The S&P 500 erased a 2.8 percent drop in an afternoon rebound, finishing the day with a 0.9 percent gain. It’s the first time since May 2010 that the index has posted such a huge upward reversal, data compiled by Bloomberg show.
The about-face came one day after a 5 percent rally that itself was the biggest since 2009. On the surface, the rally is good news for investors searching for a bottom after a three-month sell-off sent the S&P 500 to the brink of a bear market. But days like this are rarely good omens.
Since 1990, every comparable reversal came during the 2008-2009 bear market. In other words, as much as the market has shown the impetus to rally, violent actions like these normally don’t bespeak a healthy market. The latest bounce happened during a holiday week when prices are typically susceptible to swings because of low liquidity.
“How much do we trust the market’s message, up or down, over this holiday week?” Jeff deGraaf, co-founder of Renaissance Macro Research, wrote in a note. “About as much as we trust uncle Albert to drive home after Christmas dinner.”
Investors might want to get used to whiplash. Thursday marked the ninth time this quarter where the S&P 500 reversed an intraday move of at least 1 percent. That’s the most since 2011, when Standard & Poor’s downgraded the U.S. sovereign rating, sending stocks within points of a bear market.
One thing traders and investors can agree on: these are not usual times, especially for this time of year.
It’s “completely bizarre,” says Stephen Innes, head of trading for Asia Pacific at Oanda Corp. “It’s incredible just how harmful markets veer when sentiment slides.”
Innes has been taking profit on some winning investments, and snapping up blue-chip stocks whose valuations have dropped in the December sell-off, but for the most part he’s keeping his money on the sidelines. Like many other traders in Asia, he’s been watching events play out in the United States from a distance, amazed at what he sees.
“I’m on the golf course,” Innes says about how he’s responding. “As I have been most of the week.”

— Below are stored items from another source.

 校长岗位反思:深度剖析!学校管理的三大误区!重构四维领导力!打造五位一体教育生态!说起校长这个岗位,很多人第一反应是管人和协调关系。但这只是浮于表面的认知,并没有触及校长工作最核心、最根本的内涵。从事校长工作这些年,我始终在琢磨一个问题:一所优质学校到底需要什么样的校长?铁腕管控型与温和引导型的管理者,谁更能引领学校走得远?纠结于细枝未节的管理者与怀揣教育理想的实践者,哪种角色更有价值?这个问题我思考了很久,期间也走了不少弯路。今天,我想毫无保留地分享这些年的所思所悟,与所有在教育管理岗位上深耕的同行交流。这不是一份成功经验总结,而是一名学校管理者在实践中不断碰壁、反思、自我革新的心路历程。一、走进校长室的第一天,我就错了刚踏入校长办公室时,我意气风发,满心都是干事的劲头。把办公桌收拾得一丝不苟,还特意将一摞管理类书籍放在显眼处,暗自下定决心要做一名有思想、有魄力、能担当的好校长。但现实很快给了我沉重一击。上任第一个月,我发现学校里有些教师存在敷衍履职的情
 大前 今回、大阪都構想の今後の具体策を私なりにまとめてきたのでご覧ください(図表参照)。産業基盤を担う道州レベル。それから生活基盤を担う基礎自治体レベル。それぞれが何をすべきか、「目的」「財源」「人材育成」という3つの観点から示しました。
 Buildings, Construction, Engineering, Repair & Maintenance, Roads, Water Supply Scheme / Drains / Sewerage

Mark Matthews, head of Asia research at Bank Julius Baer & Co. in Singapore, says two “golden rules” have been broken. First, since 1945, December has produced the highest average gains of any month, he says, but this month is set to be the worst of the year. Second, since the 1970s, the S&P 500 has never slumped when earnings growth was more than 10 percent, according to him. But as a long-only investor, Matthews is planning to ride it out. “I remain invested through good times and bad,” he says. “Not being invested, over the long term, is like betting against the house in a casino.”

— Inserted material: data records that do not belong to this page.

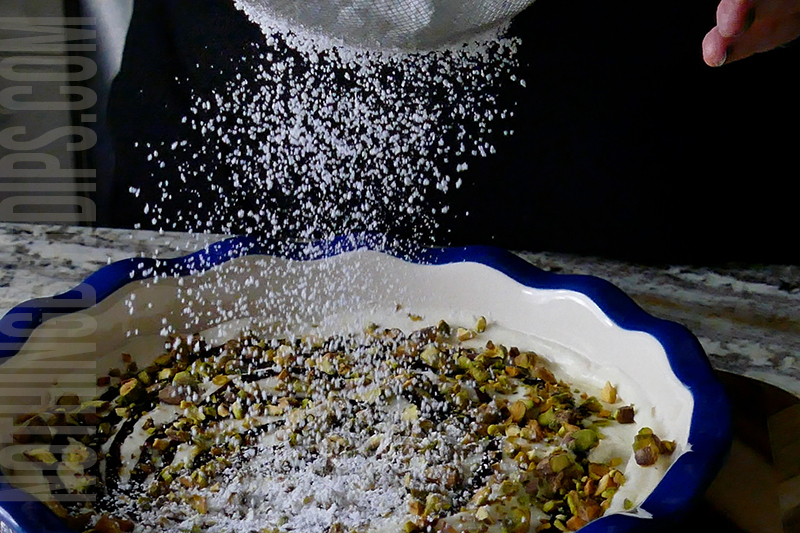 We chose to use pistachios to top this cannoli dip since it is an ingredient often used for the classic dessert. They have a beautiful color. However, my personal preference for taste is the to add the mini chocolate chips instead. You should choose your favorite or go with something totally out of the box, like mini candies, crushed cookies or cereal, such as Fruity pebbles.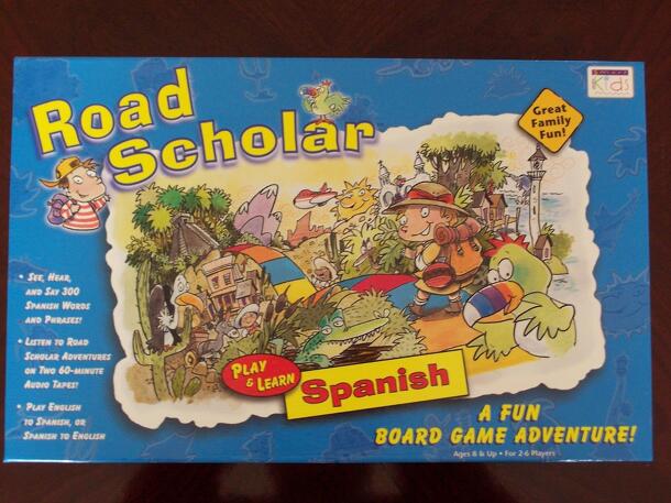 A roll & move game to teach Spanish. Ages 8 and up. From the back of the game box: Pack up your knowledge, memory, and luck and get ready to roll on a Road Scholar Spanish journey. From the START at the airport to the END at the Ancient Ruins, you'll have great fun learning an amazing amount of Spanish as you navigate the perilous twists and turns of the...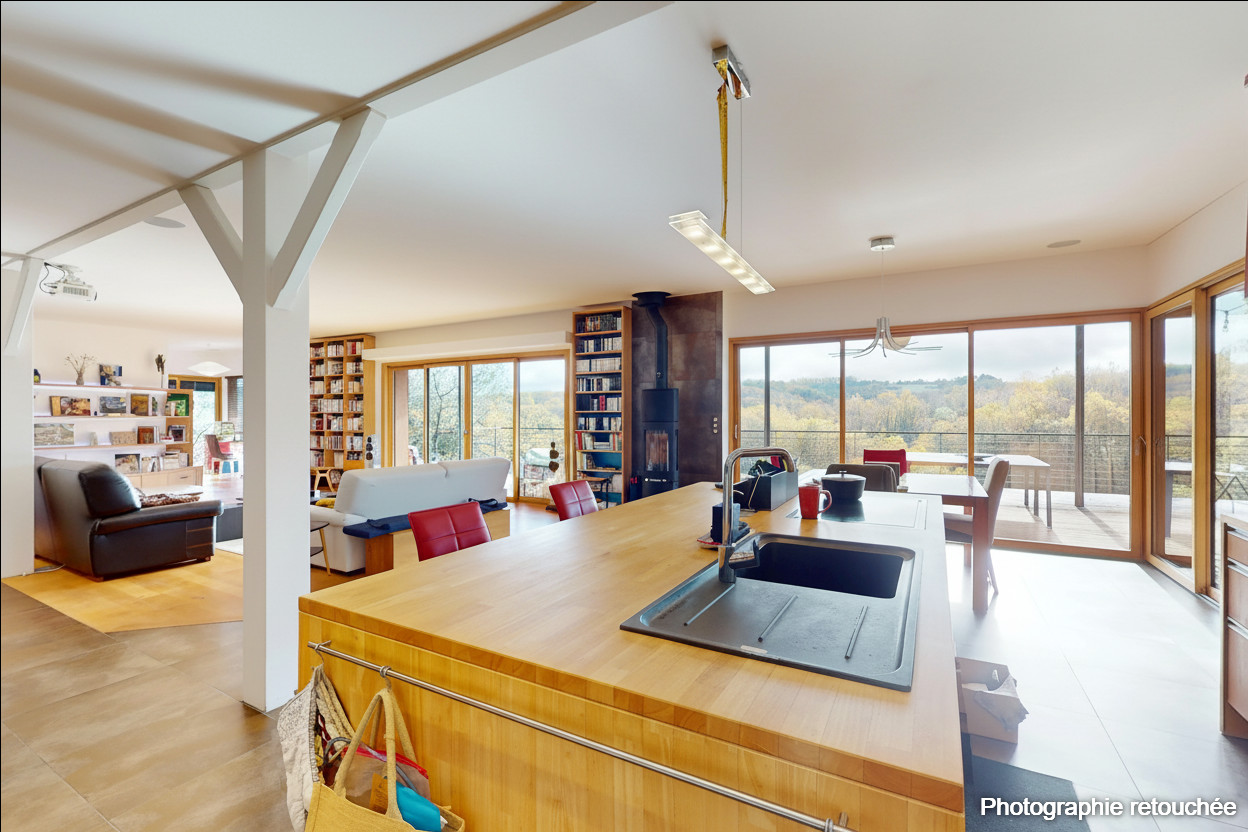 En Périgord Noir, non loin de Montignac-Lascaux, de ses commerces, services et écoles, sur les hauteurs, au milieu de la forêt, dans un environnement calme, sans aucune nuisance sonore et visuelle, venez découvrir au bout d'un chemin éclairé sur toute la longueur, cette grande demeure d'architecte en bois. Construite en 2015 par un artisan ferronnier, vous trouverez dans cette réalisation des éléments de très haute qualité: bardage des murs en Doussié, bois africain d'exception, isolation en laine de bois et chanvre....De toutes parts, elle s'ouvre sur la nature grâce à de grandes ouvertures, et est ainsi très lumineuse. L'entrée s'ouvre sur une immense pièce de vie avec cuisine ouverte, séjour et coin bureau de plus de 90 m², avec des baies vitrées à galandage donnant sur une magnifique terrasse d'environ 180 m² . 2 chambres avec salles de bains complètent l'espace habitable. En rez de jardin se trouvent un grand préau , une salle de sport, une grande buanderie. Ce site de plus de deux hectares bénéficie d'un environnement exceptionnel et protégé et vous offrira un cadre apaisant devant une vue à couper le souffle! Les informations sur les risques auxquels ce bien est exposé sont disponibles sur le site Géorisques : www.georisques.gouv.fr

Over in Sydney, Sean Fenton is scratching his head. “It’s certainly unusual for this time of year,” the portfolio manager at Tribeca Investment Partners says of the market moves. “You see people take holidays and sort of shutting up shop, not surges in volatility.”
Fenton, like Matthews, says he’s hunkering down, betting that the U.S. economy is robust and the sell-off will bottom out. For this time of year, he’s “probably a little more focused on the market,” he says, but that doesn’t mean he’s got reasons for the moves. “Trying to explain short-term movements in the markets is an exercise in futility because generally it’s pretty random,” he says.
In Tokyo, Hajime Sakai is just staying away from trading. The chief fund manager at Mito Securities Co. admits the whole thing took him by surprise. “I can’t really say I’ve been dealing with it,” he says. “I wasn’t quite able to respond.” That’s partly because of the time lag between when he makes a trading decision and when the trade is executed, which is often a day or two later. In markets this choppy, that gap makes trading close to impossible. “We’re increasingly faced with situations where the price is completely different at the point of execution versus when we made the decision,” he says.
“We have never seen the U.S. market dropping at this magnitude and speed for the past eight to nine years,” says Margaret Yang, a market analyst at CMC Markets in Singapore. Yang’s solution is to go overweight cash for the time being. She expects the volatility to continue until year-end, until investors get a clearer picture from the holiday earnings season.
But longer-term, she doesn’t know if this will prove a “healthy correction” as investors find the S&P 500’s low valuations attractive and earnings come in above expectations, or if it will mark the end of the 10-year bull run. Either way, one thing’s for certain: “The recent movement is definitely unusual,” she says.
In South Korea, Lee Dong-jun agrees. The head of the global investment team at DB Asset Management in Seoul has also been staying as clear of the market as possible this week, tending only to existing investments and keeping away from new trades. “This isn’t normal,” he says of the market turbulence. “Investor sentiment is very bad.” And while “we don’t think this kind of huge volatility will persist,” he says, “our thinking is that it’s not a good idea to actively trade stocks in a market like this.”